Democratic Institutions Minister Maryam Monsef responds to a question during question period in the House of Commons on Parliament Hill in Ottawa on Feb. 2, 2016. (Photo: Sean Kilpatrick/The Canadian Press)
With a Liberal majority in the House, it's all-but-certain the motion will fail. A number of Liberals spoke in the House about how the gambit was "frivolous," and time would be better spent debating other pressing matters.
Many also defended the personal integrity of Wilson-Raybould, who also serves as Canada's Attorney General.
In her speech on the motion Tuesday afternoon, Democratic Institutions Minister Maryam Monsef accused Tories of "spreading rumours despite (the) facts," calling it an example of the behaviour Canadians rejected in the last election.
Justice Minister Jody Wilson-Raybould speaks during question period in the House of Commons in Ottawa on April 11, 2016. (Photo: Adrian Wyld/The Canadian Press)
"The motion is a vicious and unfounded attack on an indigenous leader, a woman who has and continues to serve her nation honourably," Monsef said of Wilson-Raybould, a former regional chief of the B.C. Assembly of First Nations and Crown prosecutor.

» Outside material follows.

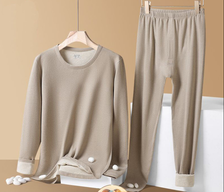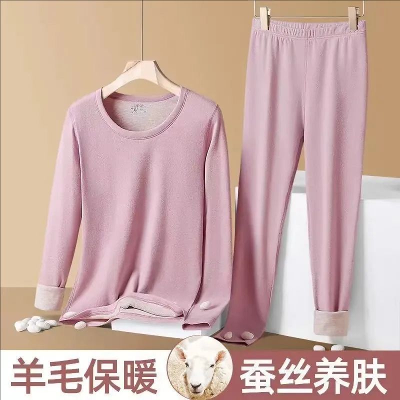 情侣羊毛蚕丝保暖内衣套装冬季加厚加绒秋衣秋裤打底AB面双层磨绒

"The motion is not helping Canadian democracy. I urge members to put an end to this unhelpful practice of using valuable House time to pursue baseless accusations that do nothing to promote a healthy democracy."

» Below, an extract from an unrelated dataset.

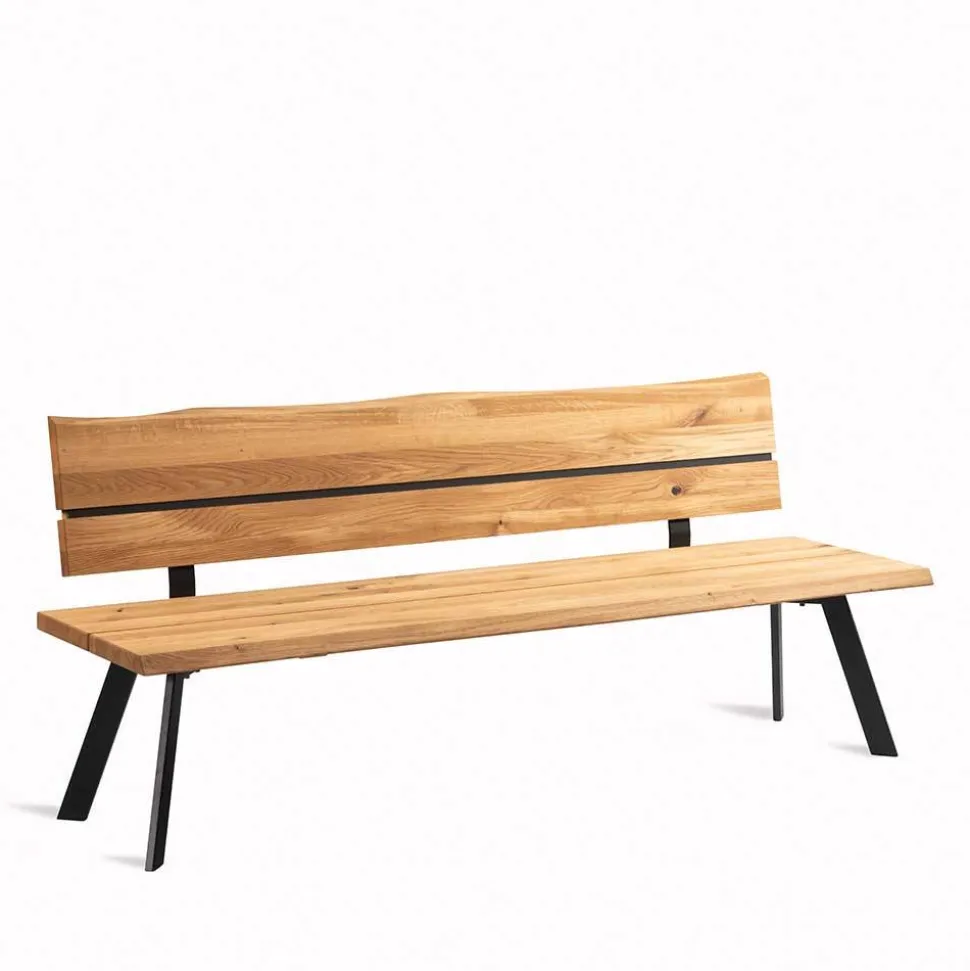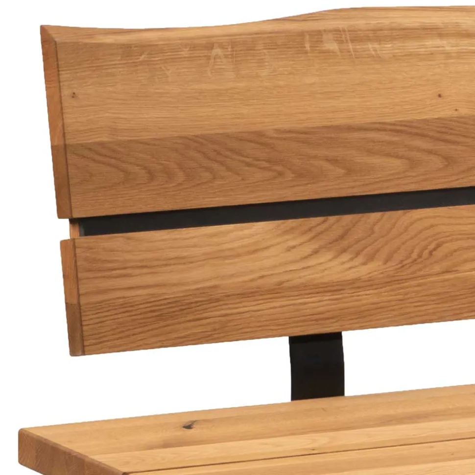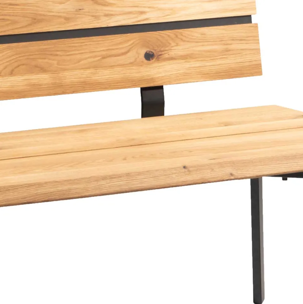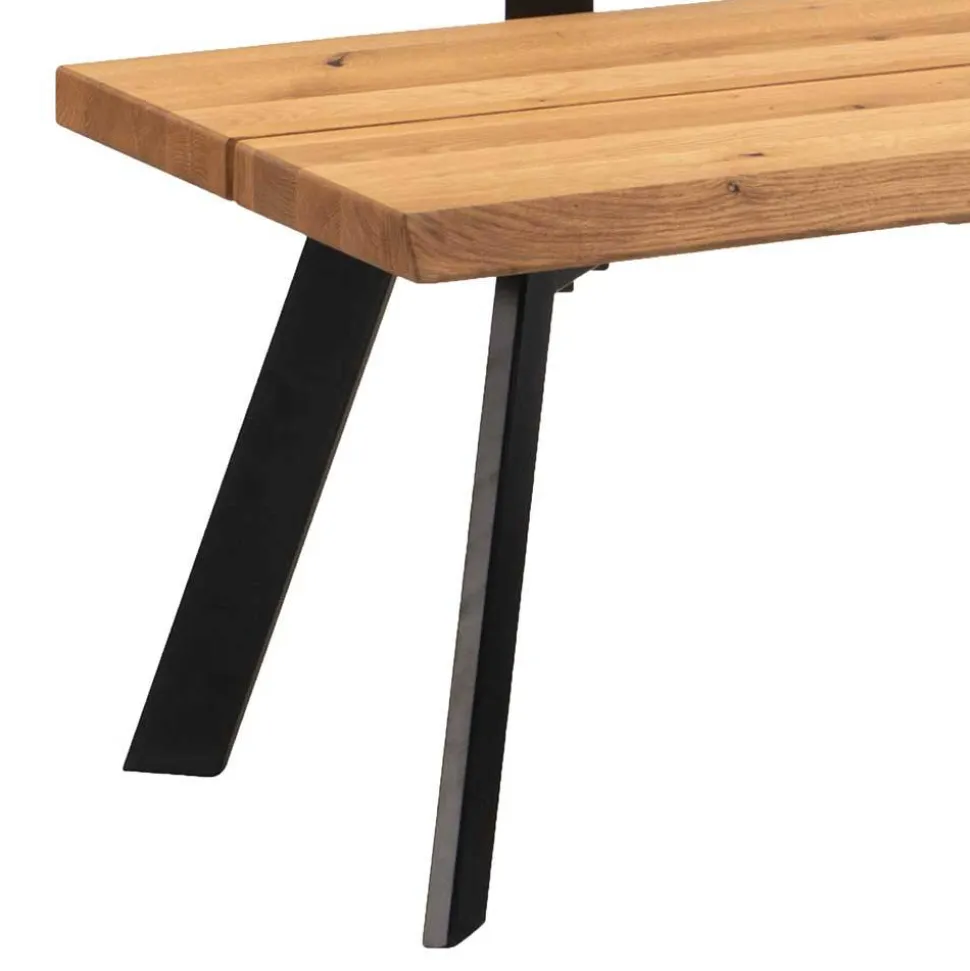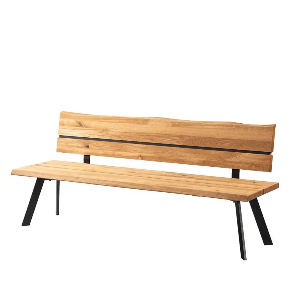 Die Sitzfläche und Rückenlehne der Küchenbank „Piton“ bestehen aus massivem Wildeichenholz, das nicht nur durch seine Robustheit überzeugt, sondern auch durch seine warme Farbgebung und natürliche Struktur. Das Holz wird geölt, um seine Langlebigkeit zu gewährleisten und es gleichzeitig pflegeleicht zu machen. Für den modernen Kontrast sorgt das pulverbeschichtete Metallgestell in Schwarz, das der Bank einen sicheren Stand verleiht. Die leicht nach hinten geneigte Rückenlehne ist perfekt geformt, um Ihnen optimalen Sitzkomfort zu bieten – selbst bei längeren Abenden am Esstisch.

"The motion is a vicious and unfounded attack on an indigenous leader, a woman who has and continues to serve her nation honourably."
— Maryam Monsef
The remark did not sit well with Tory MP Todd Doherty, whose emotional speech on the Attawapiskat suicide crisis recently earned kudos for the rookie member from B.C.
Doherty rose minutes later to say that he was both alarmed and offended.
"She brought race into this, and I am absolutely, 100 per cent offended," he said. "Whether the minister is indigenous or not has nothing to do with it.
"She brought race into this, and I am absolutely, 100 per cent offended. Whether the minister is indigenous or not has nothing to do with it."
— Todd Doherty
"As somebody who has strong indigenous women in my family, I am absolutely offended and, through you, Mr. Speaker, I demand an apology."
'Nothing to feel outraged about'
Monsef made it clear that no apology would be coming, though she didn't intend to violate Doherty's "sensibilities."
"The fact is that our Attorney General is a woman. The fact is that our Attorney General is of proud indigenous descent," she said.
"That is nothing to feel outraged about. Instead, I urge the member to consider celebrating it."
Doherty did not take Monsef's remarks lightly.
"Mr. Speaker, the honourable colleague from across the floor did not apologize but inflamed the situation by making further comments about racism," he said.
Assistant deputy speaker Anthony Rota determined that it was a matter of debate and not a point of order.
Wilson-Raybould said event was about 'Canada'
Under fire in question period last week, Wilson-Raybould said the "primary discussion" with lawyers at the fundraiser was focused on the country, not her work as minister.
"It was about how far we've come as a country wherein we embrace diversity, ensure that all voices are heard, and recognize that in a country such as Canada, the justice minister can be an aboriginal person and also be a woman," she said.
The full text of the Tory motion, tabled by deputy justice critic Michael Cooper, can be read below:
That the House urge the Minister of Justice to:
(a) follow her government's own guidelines for Ministers and Ministers of State as described in Annex B of Open and Accountable Government 2015, that "Ministers and Parliamentary Secretaries must ensure that political fundraising activities or considerations do not affect, or appear to affect, the exercise of their official duties or the access of individuals or organizations to government";
that "There should be no preferential access to government, or appearance of preferential access, accorded to individuals or organizations because they have made financial contributions to politicians and political parties"; and that "There should be no singling out, or appearance of singling out, of individuals or organizations as targets of political fundraising because they have official dealings with Ministers and Parliamentary Secretaries, or their staff or departments";
(b) apologize for the fundraising event on behalf of the Liberal Party with one of the top law firms in Canada; and
(c) return all funds collected from the event, as was done in 2014 for the event involving the former Minister of Canadian Heritage.